Will that actually help or are people just closing things that say "you have held broken packages" against this question no matter what they are about?
@Zanna That one would have been better if I had used punctuation correctly and not ended a statement with a question mark. But oh well. It's probably clear enough?
are we to interpret this comment to mean OP does not have a problem with suspend but only with hibernation, and their problem is not with resuming but with the system not going down in the right way? And can we therefore suggest the question may be a duplicate of this one?
@Zanna It seems to me based on that comment that the OP's problem is only with hibernation, yes. Will the answers to that other question fix the problem that hibernating only sometimes works and otherwise causes the system to lock up?
The question is unclear (and very low quality, but I don't think it is eligible to be flagged VLQ) and the answer is NAA, but is there something more going on? Is this some kind of spam?
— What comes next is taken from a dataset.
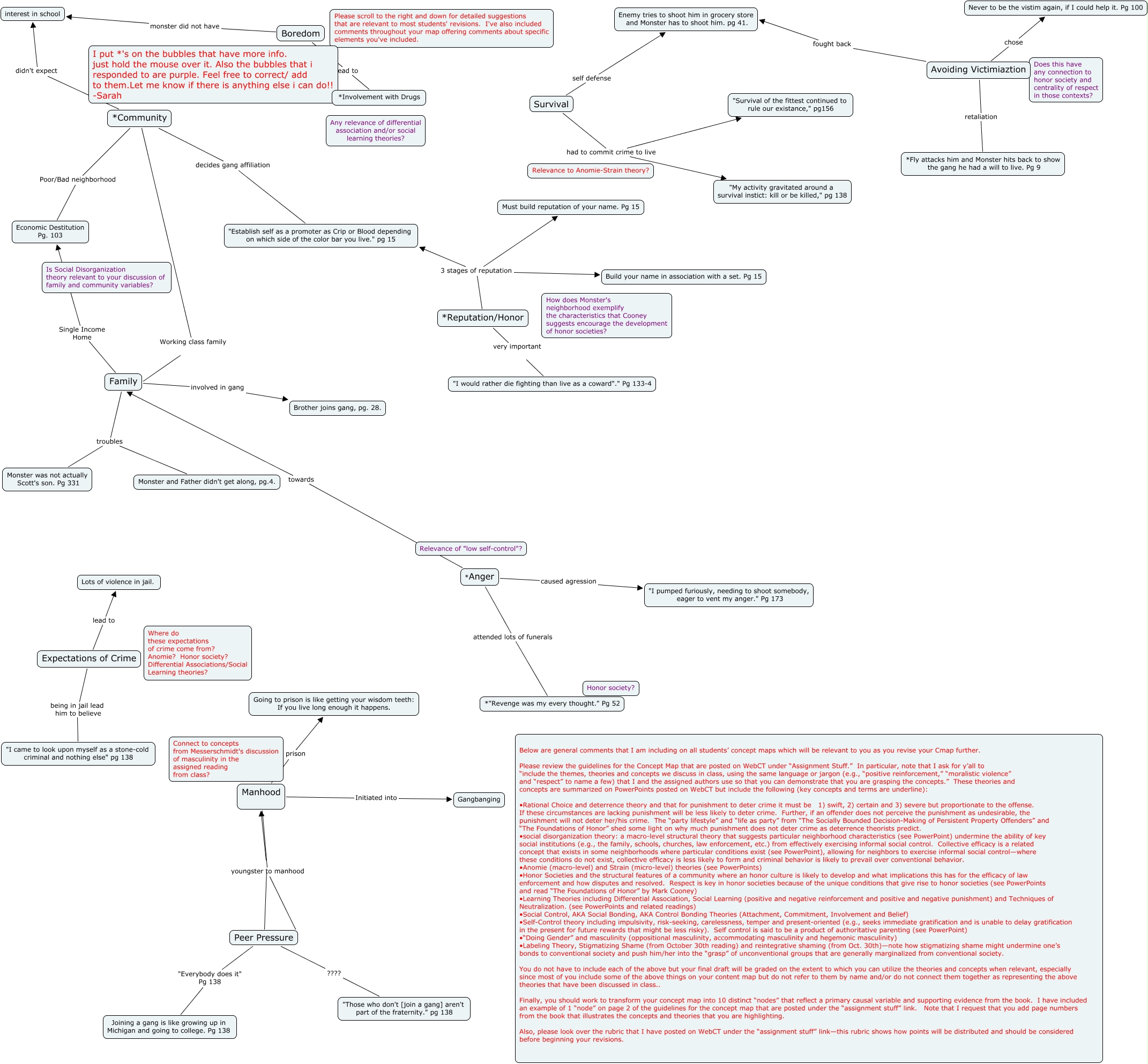 This Concept Map, created with IHMC CmapTools, has information related to: cmap, Expectations of Crime being in jail lead him to believe "I came to look upon myself as a stone-cold criminal and nothing else" pg 138, Boredom lead to *Involvement with Drugs, *Reputation/Honor 3 stages of reputation Build your name in association with a set. Pg 15, *Reputation/Honor very important "I would rather die fighting than live as a coward"." Pg 133-4, *Community Poor/Bad neighborhood Economic Destitution Pg. 103, Family Single Income Home Economic Destitution Pg. 103, Manhood Initiated into Gangbanging, Family troubles Monster was not actually Scott's son. Pg 331, Family troubles Monster and Father didn't get along, pg.4., *Reputation/Honor 3 stages of reputation Must build reputation of your name. Pg 15, Survival had to commit crime to live "Survival of the fittest continued to rule our existance," pg156, *Community Working class family Family, *Reputation/Honor 3 stages of reputation "Establish self as a promoter as Crip or Blood depending on which side of the color bar you live." pg 15, Manhood = prison Going to prison is like getting your wisdom teeth: If you live long enough it happens., Survival had to commit crime to live "My activity gravitated around a survival instict: kill or be killed," pg 138, Survival self defense Enemy tries to shoot him in grocery store and Monster has to shoot him. pg 41., Peer Pressure Manhood, Peer Pressure ???? "Those who don't [join a gang] aren't part of the fraternity." pg 138, Avoiding Victimiaztion chose Never to be the vistim again, if I could help it. Pg 100, *Community didn't expect interest in school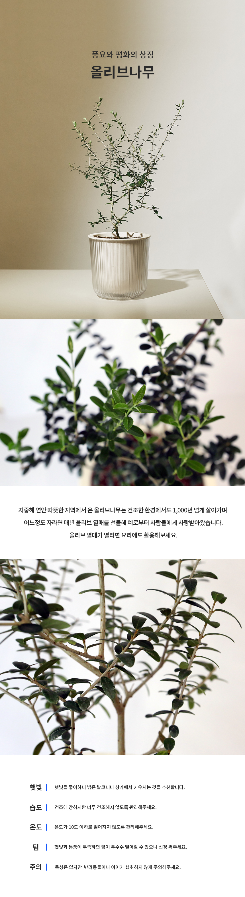 지중해 연안에서 온 올리브나무는 척박한 환경에서도 장수하며, 성목이 되면 매년 올리브 열매를 사람들에게 내주는 오랜 친구 같은 나무입니다.

Thanks. Should this incomprehensible wifi question be deleted quickly once closed (assuming its score drops to -3), or do you think there's a significant possibility that the OP is actually both (a) trying to ask a question about a problem they are facing and (b) willing to improve it by editing? I think the post is a spam seed, but I cannot be 100% sure.
Hmm yeah seems something fakey about it. But it can't get spam answers when it's closed so I guess we can afford to wait and see if the situation becomes clearer one way or another
We should watch this question in case it is closed. If it's closed and nobody explains why it's really a duplicate in spite of the OP's explanation, then we should reopen it, or at least edit the OP's explanation from the comments into the question.
@EliahKagan ah saw that yesterday or day before. Glad it got answered :) and yeah... I don't follow what An0n is saying in the comments but it's not a dupe
@EliahKagan afaik Mithrandir is going to talk to Bhargav Rao about putting Natty here. I will mention to Mithrandir that I think active users of the room are OK with it.
@Zanna I didn't want to jump the gun, in case anybody was unsure... but it seems we're all fine with it or that whoever's not fine with it has either not noticed or not said anything... :) :)
@BhargavRao I'm a bot that returns posts from the new answers to old questions page. The guide and the wiki for the project are present here. Use commands to view a list of commands.
I'm not totally sure they were wrong. When first posted, the question quite unambiguously said the system was Arch. In this case, I wouldn't rally worry if that possibly wrong close reason ends up as the one that gets displayed.
Interestingly, the closure banner displays the OT sub-reason we voted for first, even though only two close voters were for it and three were for the other sub-reason. I suppose that's because our votes came later?
I think this is actually quite a nice question, considering that some other major package managers (like dnf and yum) don't require users to issue separate commands for updating the local database and performing an upgrade or installation.
I don't know, but I wouldn't want the information in that answer to just disappear: it should either be kept, or converted to a comment, or converted to an edit. Since it's the OP's self-answer reporting that the problem mysteriously went away, without even a partial explanation, and there isn't enough information to give anyone else a solution or to explain the cause of the problem, we consider the question to be Off Topic -> A problem that cannot reproduced. (no repro)
So the question merits a close vote (or flag, depending on your rep) for that. I don't think it's all that important what we do with the answer, so long as the information that the problem went away is not destroyed.
My personal practice when I am reviewing and I encounter simple self-answers indicating that the problem went away mysteriously depends on whether the question has already been closed. If it hasn't been closed then I cast my close vote on the question (after checking to make sure it really is a problem that cannot be reproduced), then click Skip with the intention that others will see the review item and also vote or flag the question for closure.
If it has been closed then I click Looks OK if the answer contains information that is not otherwise present and reasonably visible either in the question or in one or more comments on the question, otherwise I click Delete (or Recommend Deletion if the post's score is 1+, since even as a 20k user I can't cast delete votes on those posts, even from review).
...This isn't like a site policy that I can cite, though. It's just my personal practice. It's subject to change if an explicit community consensus does ever actually emerge about about how to treat such posts.
Usually I only advocate skipping review items when one (a) doesn't feel like reviewing that item for whatever reason or (b) genuinely thinks others are currently in a better position review it correctly. (Back when the button was labeled "Looks Good," the temptation to skip almost everything was high.)
But there are a few short-term scenarios where I suggest everybody clicking Skip until a particular facet of the situation changes, and this is one. Another situation where I advocate this, quite different from the no-repro situation, is when the post is unambiguously actually spam and one has flagged it as such.
Yeah, I used to Skip when I knew that a particular answer was not a NAA/VLQ, but still needed to be deleted. (Like the code only answers reiterating stuff which was already mentioned in other answers posted years ago). Though we are supposed to "Looks Okay" those, I never felt like reviewing them.